Comment 1 Ben Marzinski 2023-04-04 00:53:13 UTC
The first c9s commit where I can reproduce this is:

commit 0990e82f887de26e61813c33cae08d76138239da
Author: Juri Lelli <juri.lelli>
Date:   Tue Aug 2 11:07:41 2022 +0200

    printk: Bring back the RT bits.

    Bugzilla: https://bugzilla.redhat.com/2171995
    Upstream Status: https://git.kernel.org/pub/scm/linux/kernel/git/rt/linux-rt-devel.git

    commit b576ab7eadbf1835eddfa5a47eea0a57d3f5b74f
    Author:    Sebastian Andrzej Siewior <bigeasy>
    Date:      Tue Jul 19 20:08:01 2022 +0200

        printk: Bring back the RT bits.

        This is a revert of the commits:
        | 07a22b61946f0 Revert "printk: add functions to prefer direct printing"
        | 5831788afb17b Revert "printk: add kthread console printers"
        | 2d9ef940f89e0 Revert "printk: extend console_lock for per-console locking"
        | 007eeab7e9f03 Revert "printk: remove @console_locked"
        | 05c96b3713aa2 Revert "printk: Block console kthreads when direct printing will be required"
        | 20fb0c8272bbb Revert "printk: Wait for the global console lock when the system is going down"

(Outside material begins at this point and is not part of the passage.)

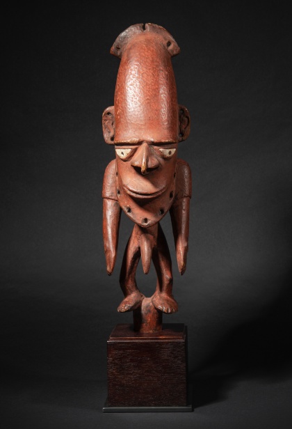 Photo 7 :Bouchon de flûte wusear Biwat/Mundugumor, Yuat River, Papua New Guinea, 19e siècle (C14 dating) – 43cm, Bois tendre patiné brun rougeâtre, yeux incrustés de nacre, Provenance : Collecté par un explorateur, scientifique danois, entre la 1ère et la 2e guerre mondiale, Ex collection School Museum, Hemsterhuisstraat, La Haye, Pays-Bas, retiré du musée probablement dans les années 1970, Ex collection Mon Steyaert, Bruxelles, Ex collection Philipp Konzett, Vienne, Ex collection Adrian Schlag © Danielle Voirin–Galerie Flak

        which is needed for the atomic consoles which are used on PREEMPT_RT.

        Signed-off-by: Sebastian Andrzej Siewior <bigeasy>

    Signed-off-by: Juri Lelli <juri.lelli>

Comment 2 Ben Marzinski 2023-04-04 00:58:45 UTC
CCing Juri Lelli, since the bisect is pointing to a Kernel-RT commit.